### Activity:
Aside from the pictures, copy the listing exactly.

Top of Collected data

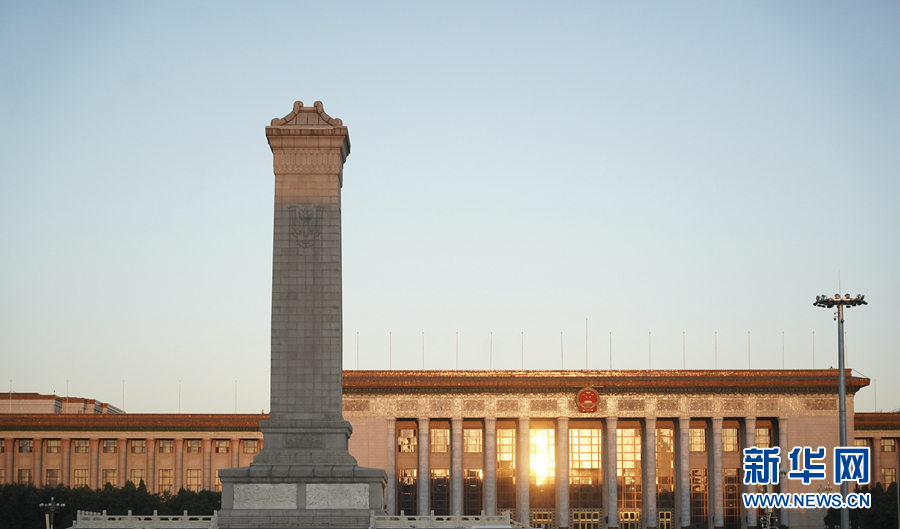 晨光中的人民大會堂和人民英雄紀念碑(9月8日攝)。 全國抗擊新冠肺炎疫情表彰大會將于9月8日上午10時在北京人民大會堂隆重舉行。 新華社記者 鞠煥宗 攝
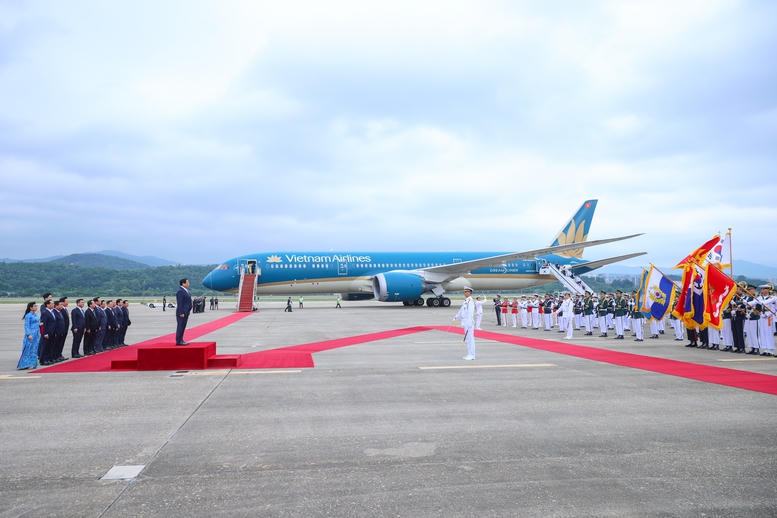 Lễ đón chính thức Thủ tướng Chính phủ Phạm Minh Chính và Phu nhân cùng Đoàn đại biểu Việt Nam được tổ chức trang trọng tại sân bay quân sự Seongnam.
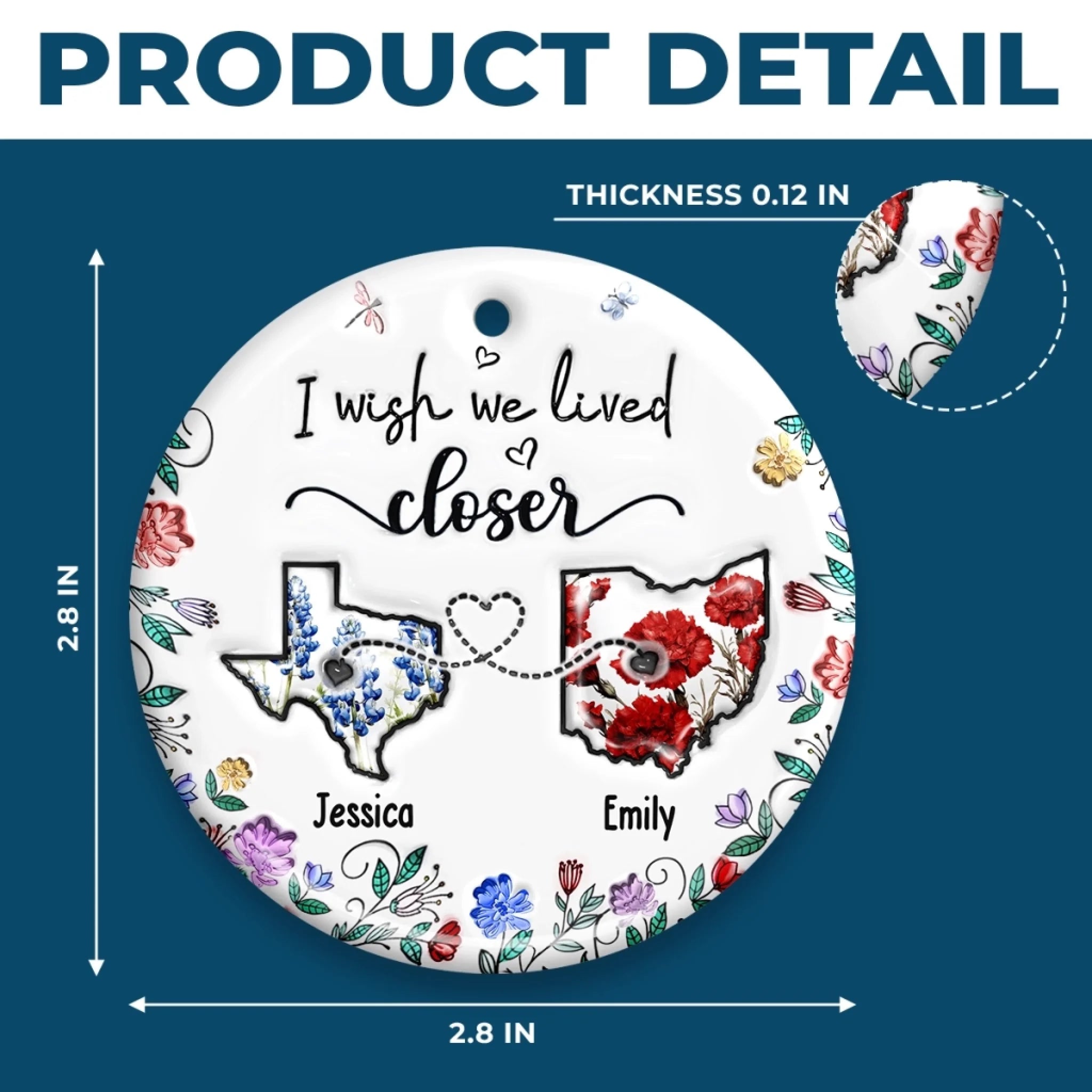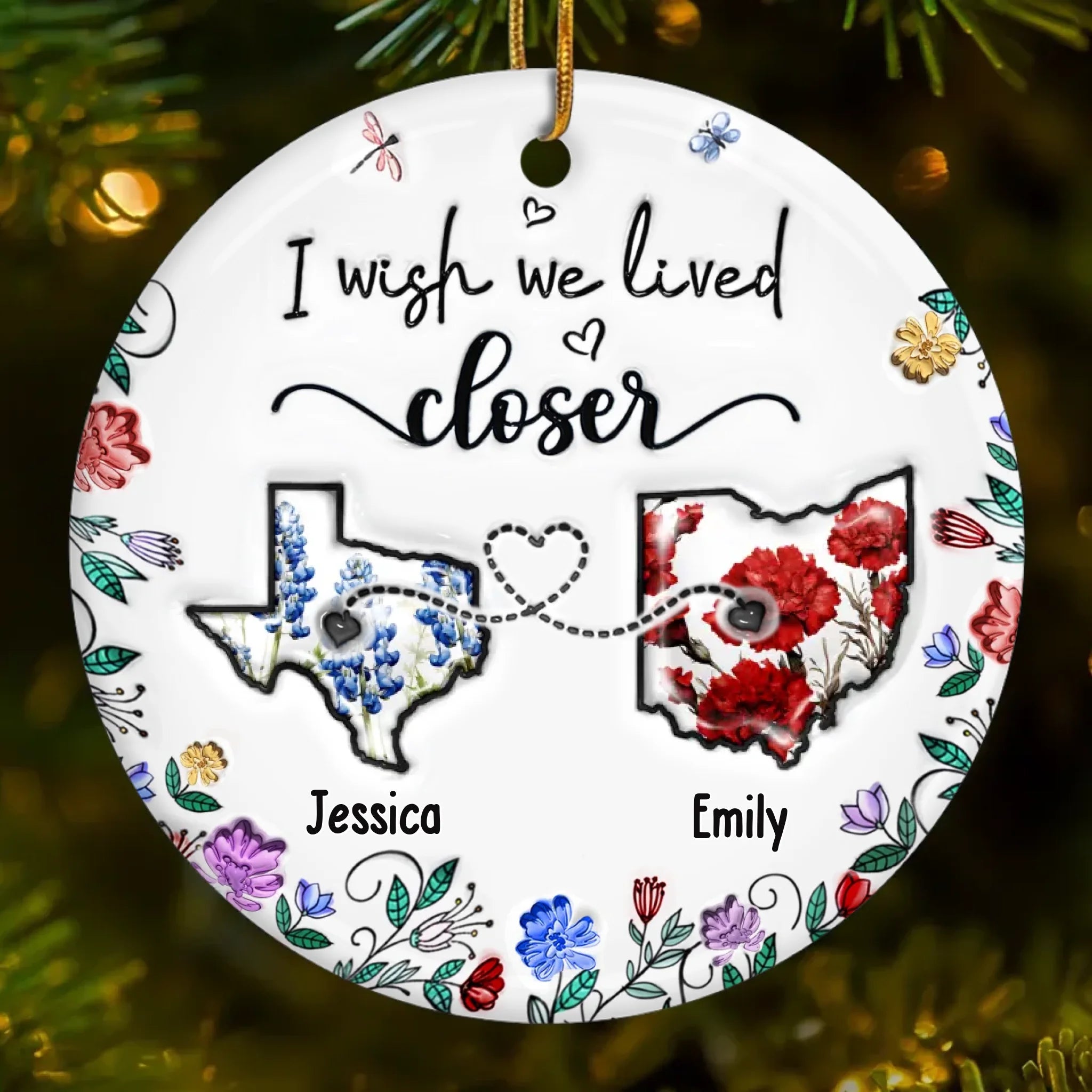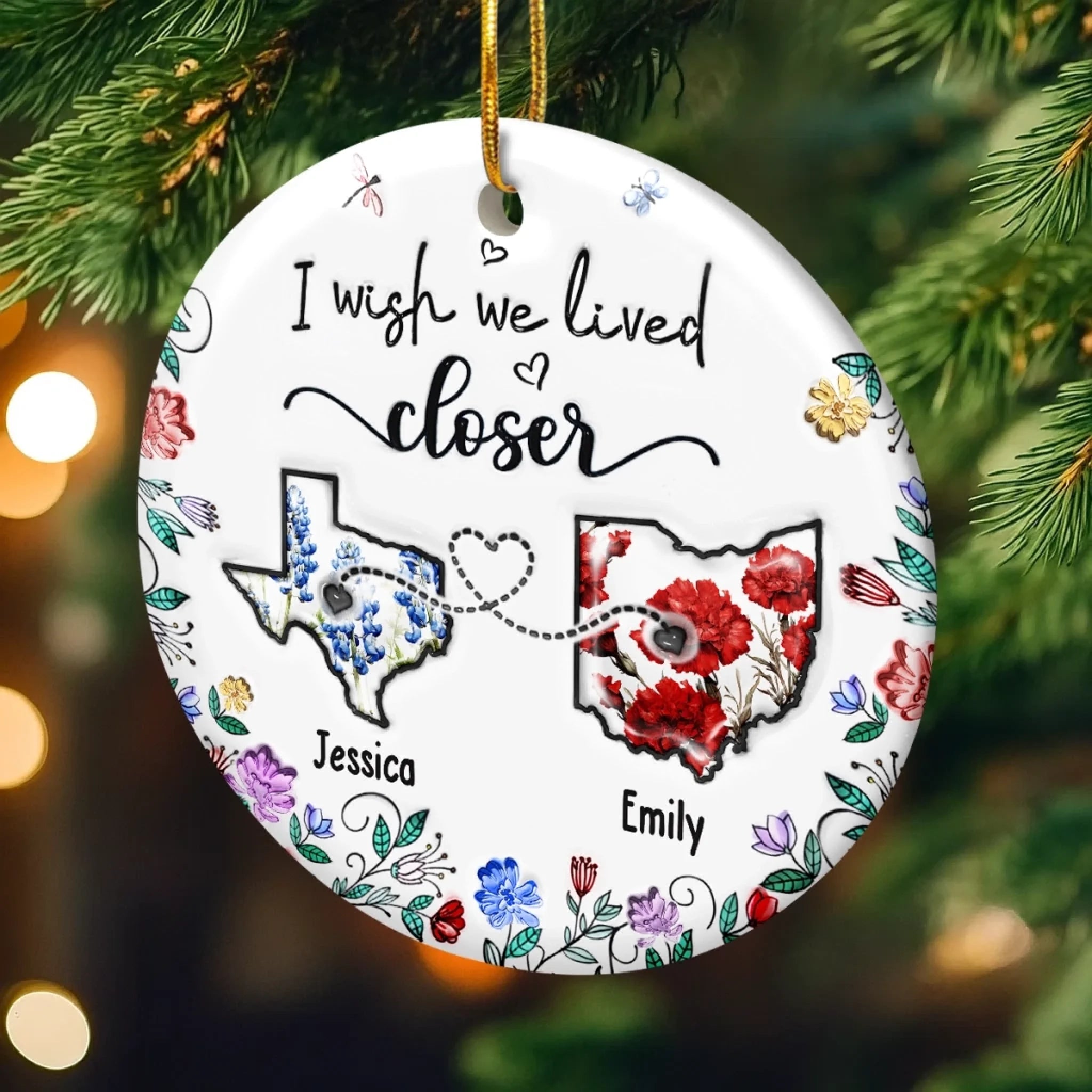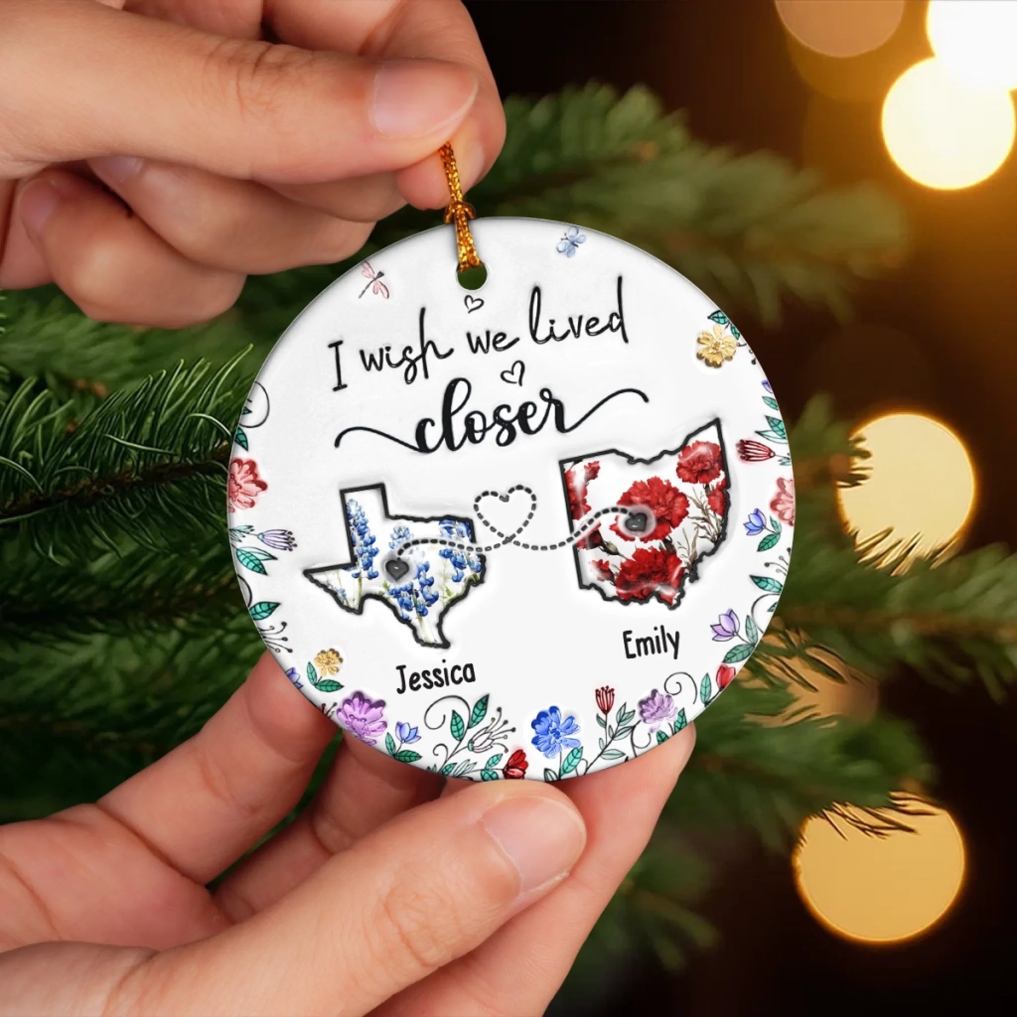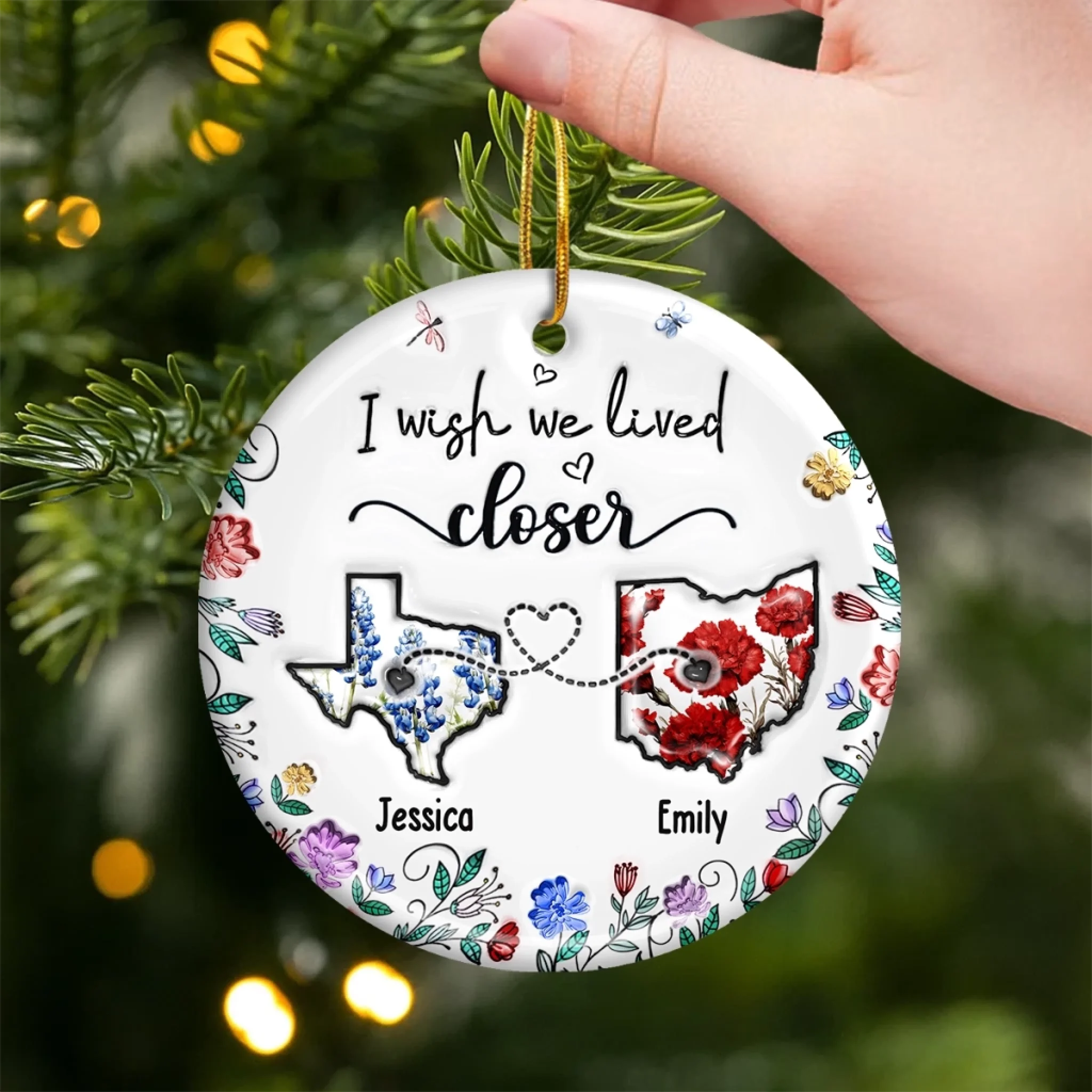 Custom Long Distance Ceramic Ornament - Personalized Best Friend Christmas Birthday Gifts For Women, Besties, Sisters, BFF - Far Away Yet Always Connected

Bottom of Collected data

### Result for this exercise:
 晨光中的人民大會堂和人民英雄紀念碑(9月8日攝)。 全國抗擊新冠肺炎疫情表彰大會將于9月8日上午10時在北京人民大會堂隆重舉行。 新華社記者 鞠煥宗 攝
 Lễ đón chính thức Thủ tướng Chính phủ Phạm Minh Chính và Phu nhân cùng Đoàn đại biểu Việt Nam được tổ chức trang trọng tại sân bay quân sự Seongnam.
 Custom Long Distance Ceramic Ornament - Personalized Best Friend Christmas Birthday Gifts For Women, Besties, Sisters, BFF - Far Away Yet Always Connected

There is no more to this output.